(Data extracted from a collection)
══════════════════════════════
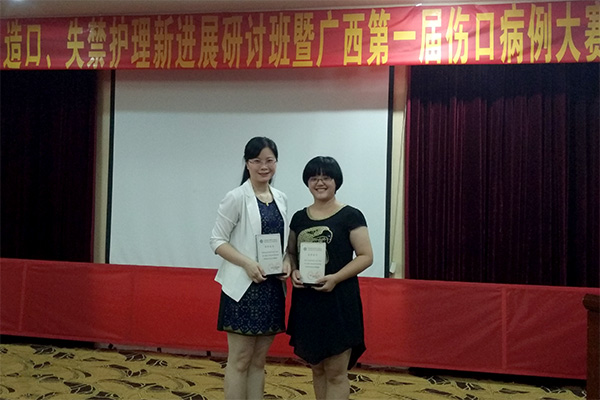 2016年6月19日“廣西第一屆傷口病例大賽”在廣西醫科大學附屬腫瘤醫院如期舉行,本次大賽旨在進一步促進區內傷口、造口、失禁護理學術交流,推進專科發展,普及新知識、新技能、新理念,提高傷口、造口、失禁護理的技術和學術水平。比賽共分為初賽和決賽兩個階段,經過層層選拔,緊張角逐,我院選派的覃琛媛、曹婧兩名選手在大賽中表現優異,從全區20家醫院、43位參賽選手中脫穎而出,以個人總分第一名、第二名的好成績同時榮獲一等獎殊榮。
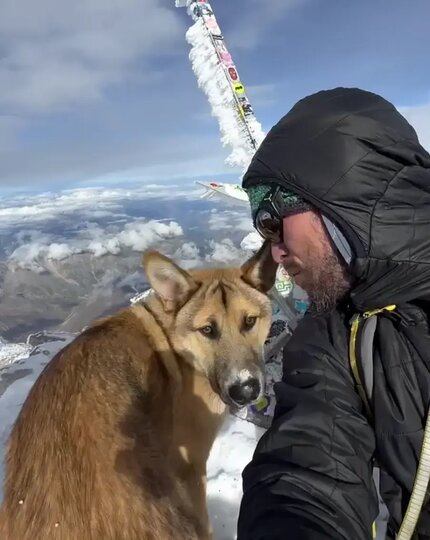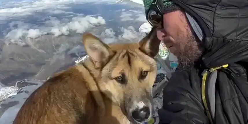 Этому псу не хватило чуть-чуть, чтобы взобраться на вершину Эльбруса
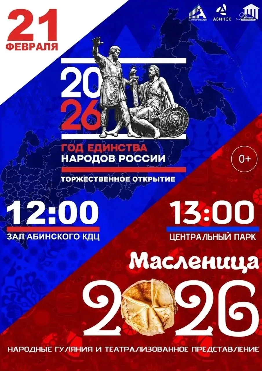 21 февраля приглашаем жителей и гостей Абинского района на торжественные и праздничные мероприятия, посвящённые Году единства народов России и народным традициям.
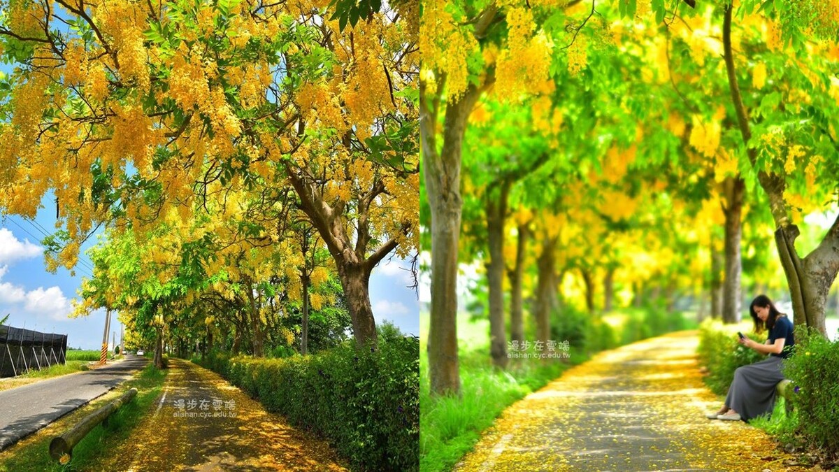 每年夏天除了衝海邊玩水,喜歡賞花的人,絕對不能錯過在5月下旬、6月登場的「黃金雨」!位於嘉義的「蒜頭自行車道」現在已經能看到這幅夢幻畫面,整條自行車道從兩旁樹枝,到灑落地上的點點花瓣,都是明亮鮮豔的金黃色,成為夏季限定美景,值得找時間去好好欣賞。
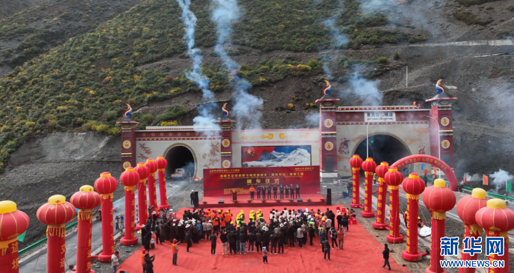 這是夏貢拉山隧道通車(chē)儀式現(xiàn)場(chǎng)(9月29日攝,無(wú)人機(jī)照片)。新華社發(fā)
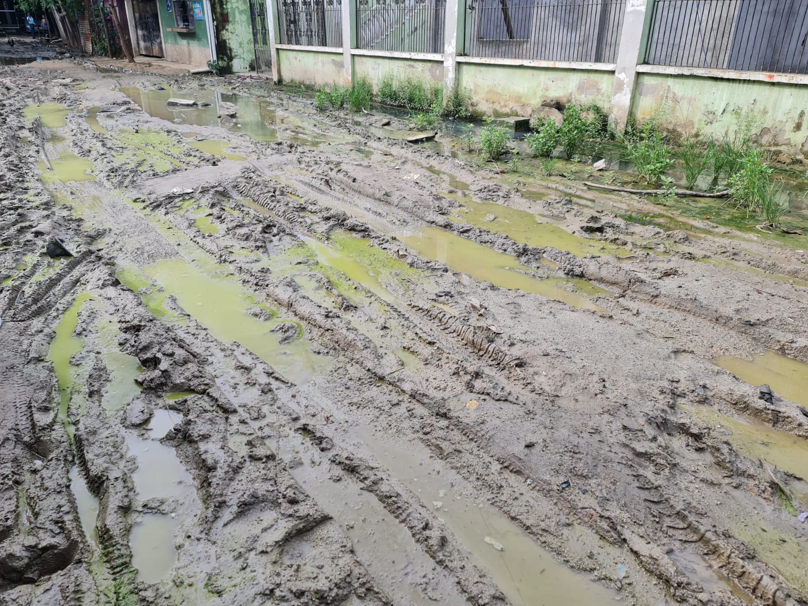 Un verdadero «calvario pantanoso» viven los vecinos de la colonia Los Ángeles de San Pedro Sula ya que las calles están totalmente destruidas.
══════════════════════════════
YOUR INSTRUCTIONS => Beginning at the line with "Этому псу не", reproduce word for word each line through the last line of the records. Include both ends but no pictures.

FINAL ANSWER =>
 Этому псу не хватило чуть-чуть, чтобы взобраться на вершину Эльбруса
 21 февраля приглашаем жителей и гостей Абинского района на торжественные и праздничные мероприятия, посвящённые Году единства народов России и народным традициям.
 每年夏天除了衝海邊玩水,喜歡賞花的人,絕對不能錯過在5月下旬、6月登場的「黃金雨」!位於嘉義的「蒜頭自行車道」現在已經能看到這幅夢幻畫面,整條自行車道從兩旁樹枝,到灑落地上的點點花瓣,都是明亮鮮豔的金黃色,成為夏季限定美景,值得找時間去好好欣賞。
 這是夏貢拉山隧道通車(chē)儀式現(xiàn)場(chǎng)(9月29日攝,無(wú)人機(jī)照片)。新華社發(fā)
 Un verdadero «calvario pantanoso» viven los vecinos de la colonia Los Ángeles de San Pedro Sula ya que las calles están totalmente destruidas.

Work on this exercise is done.